100 Years of African-American Special Agents: Linda Berry
Retired Special Agent Linda Berry served for 28 years in the FBI before retiring in 2004. She was the Bureau's second African-American special agent. She shared her thoughts on her career, the FBI, and the role of African Americans during events in November 2019 marking the 100-year anniversary of the first African-American special agent, James Wormley Jones.
My first experience was got to get off the plane. I think you have to ride a bus to get to Quantico. And I'm going walking down the hall with all these bags trying to find, they told me to put them in the closet, and there was a janitress, a female lady that sweeping the floor, black as a matter of fact. And she looked up and saw me coming down the hall and her first thing anybody said to me in Quantico was, you're not gone make it, none of them do. And I'm like, lady. But she was an elderly lady, so I didn't want to say anything to her. I just smiled and kept going. But I was angry. It's like, how dare you tell me I can't make it here. Why not? What's the big deal? I mean there are people that do make it, why not me?
But that was just the environment: take care of yourself, learn how to do things, go to the end, don't give up. I mean there's just all these things that were coming at you. And I think for me at the Academy, you learn some things about yourself that were never asked of you that you couldn't and can do. I think that's what kept me motivated to continue going and doing things. You just go and do things that you, you've never actually been asked to do before. So how do you know you can't do it?

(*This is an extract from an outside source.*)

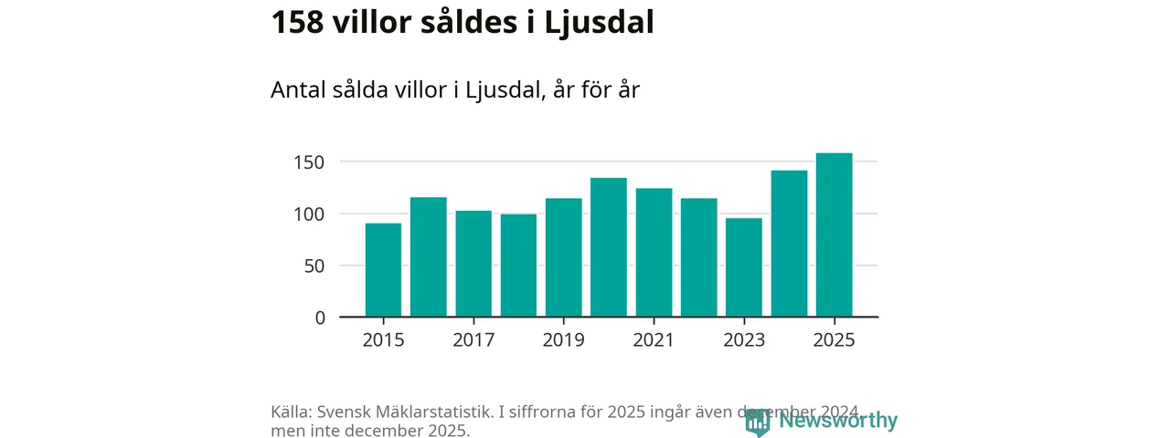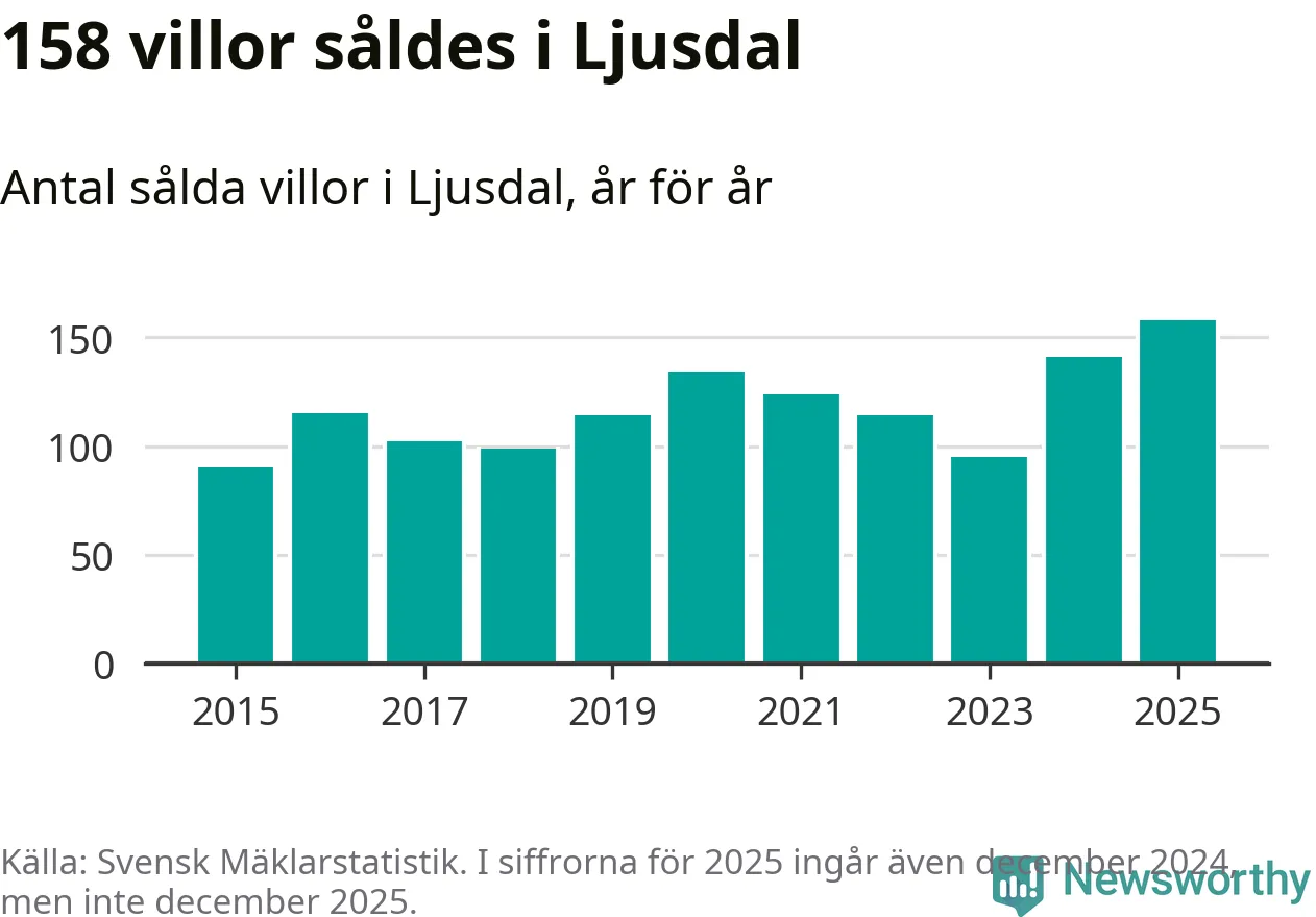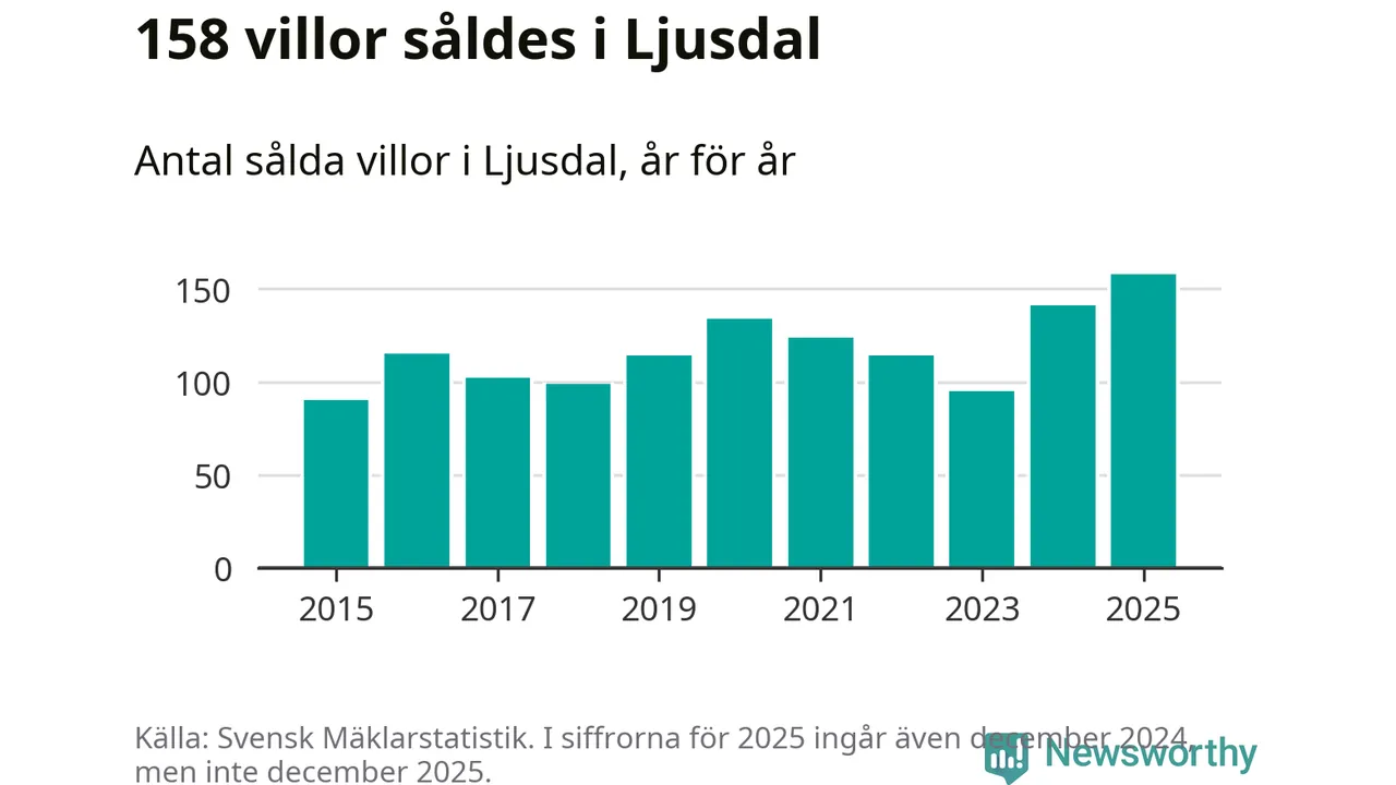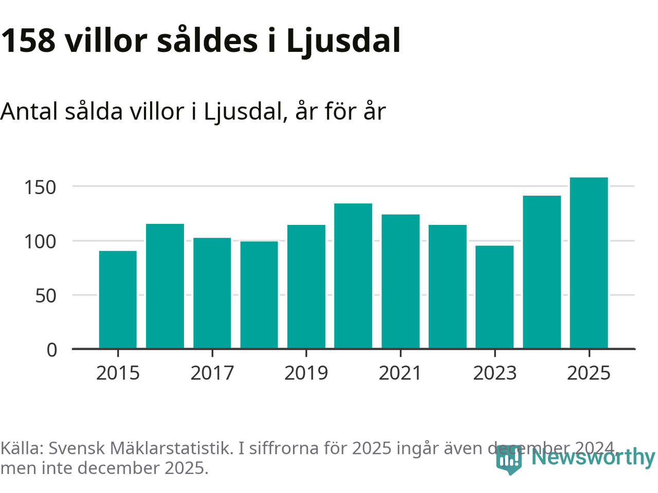 Antalet sålda villor ökade också. Totalt såldes 158 villor, att jämföra med 141 under 2024. Det är fler än något annat år sedan 2015.

I had no idea that we had been agents for 100 years. It's a tremendous milestone for everybody to try and step into the footsteps of those who came before me, those who come after us, proud. Of course, most of us got into the FBI not even knowing. I had no idea that I was just the second female, none whatsoever. But then when you find out these things, then you know you have a special job to do and that is to maintain integrity, to really work hard to make the FBI proud of you. And not only your other brothers and sisters, the other people that you work with to join into that loyalty team and it's a tremendous thing to be around for 100 years and really be devoted, be looked up to, be honored, and no smears. That's the basic thing. Really just great agents.